Typically, human minds are set up to deal with stories, not math, and using stories when math is appropriate is a way to leave yourself easily hackable. (Mentioning the NBA should not make you think there are more bank tellers, or that bank tellers are more athletic!)
Your reply is a good example—not to pick on you—of what I’m talking about.
Of course it’s “still a conjunction”. Of course the formal probability is lower in the case of the conjunction regardless of if John is 10 feet tall and can fly. But in the real world good instrumental rationality involves the audicity to come to the conclusion that John is a NBA basketball player despite the clues in the question. The answer might be the questioner is wrong about John, and that isn’t a valid option in the lab.
Your reply is a good example—not to pick on you—of what I’m talking about.
I’m pretty confident that I understand your position, and to me it looks like you’re falling exactly into the trap predicted by the fallacy. Would it be a good use of our time for me to explain why? (And, I suppose, areas where I think the fallacy is dangerous?)
You shouldn’t think John becomes more likely when another constraint is put on it. You might ask “did the first John never play in the NBA, or does that cover both cases?”

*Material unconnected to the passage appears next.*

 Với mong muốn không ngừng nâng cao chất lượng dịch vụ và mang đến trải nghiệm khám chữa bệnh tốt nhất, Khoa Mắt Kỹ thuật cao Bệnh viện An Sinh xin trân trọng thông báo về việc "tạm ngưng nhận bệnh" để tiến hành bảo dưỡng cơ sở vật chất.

No. If you did reply with this to someone who approached you in a social situation, you’d be more likely to “lose” than if you were just polite and answered the question with your best guess.
It is socially awkward to do labwork in real world social environments. So, while your follow up questions might help you win in correctly identifying the highest probability for John’s career path, you’d lose in the social exchange because you would have acted like a weirdo.

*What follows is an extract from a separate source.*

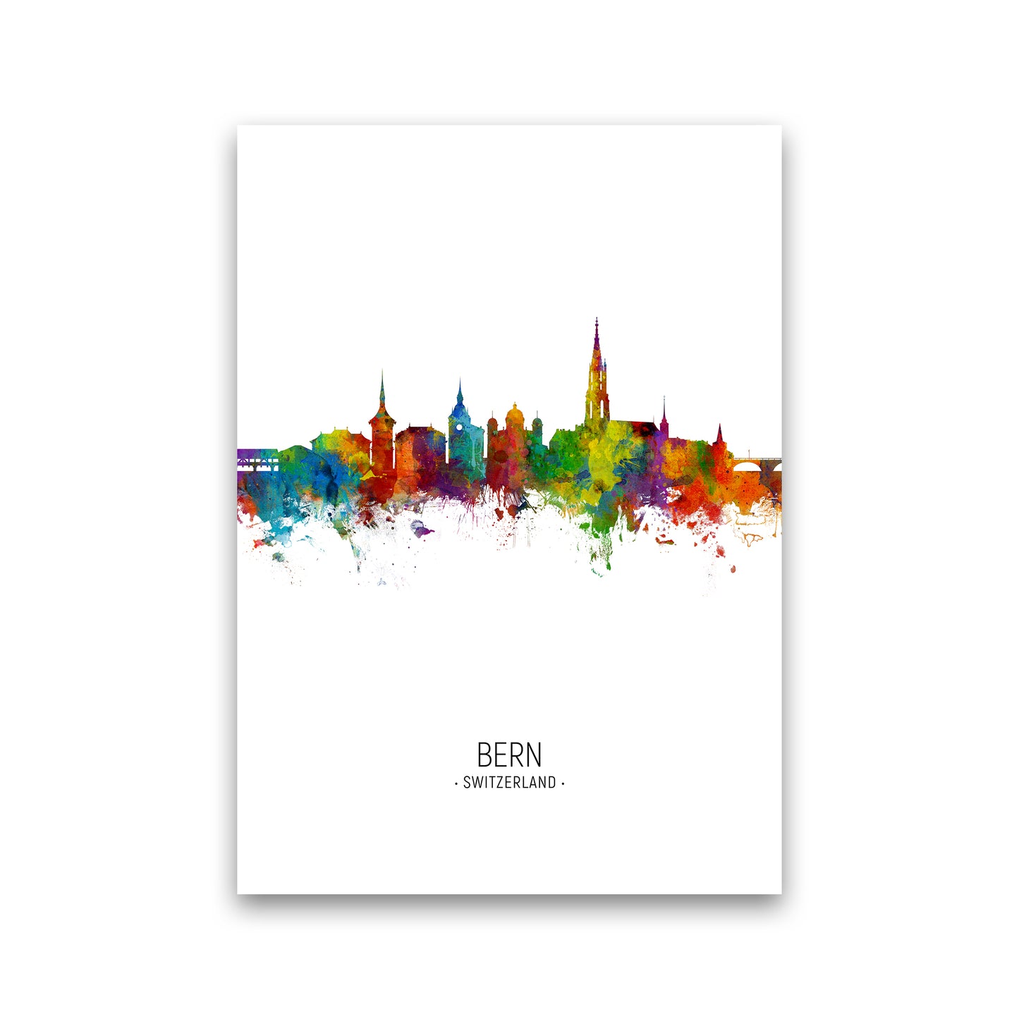 Bern Switzerland Skyline Portrait original Giclée fine art print. Available both as a framed print, print only or vibrant canvas art. Art print from an original by Michael Tompsett ©

It’s good to be aware of the conjunction fallacy. It’s good to be aware of lots of the stuff on LW. But when you go around using it to mercilessly pursue rationality with no regard for decorum, you end up doing poorly in real life.
The real heart of the conjunction fallacy is mistaking P(A|B) and P(B|A). Since those look very similar, let’s try to make them more distinct: P(description|attribute) and P(attribute|description), or representativeness and likeliness*.

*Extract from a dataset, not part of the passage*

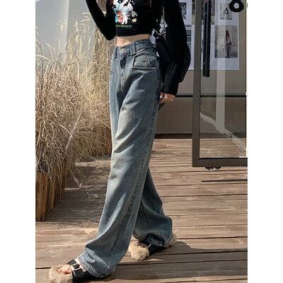【3日以内出荷】スラックスパンツ ヴィンテージ ストレート デニムパンツ レディース 秋 アメリカンスタイル ハイウエスト ルーズ ワイドパンツ ズボン 韓国

When you hear “NBA player,” the representativeness for ‘tall and athletic’ skyrockets. If he was an NBA player, it’s almost certain that he’s tall and athletic. But the reverse inference- how much knowing that he’s tall and athletic increases the chance that he’s an NBA player- is much lower. And while the bank teller detail is strange, you probably aren’t likely to adjust the representativeness down much because of it, even though there are probably more former NBA players who are short or got fat after leaving the league than there are former NBA players that became bank tellers. (That is, you should pay as much attention to 1% probabilities as you should to 99% probabilities when doing Bayesian calculations, because both represent similar strengths of evidence.)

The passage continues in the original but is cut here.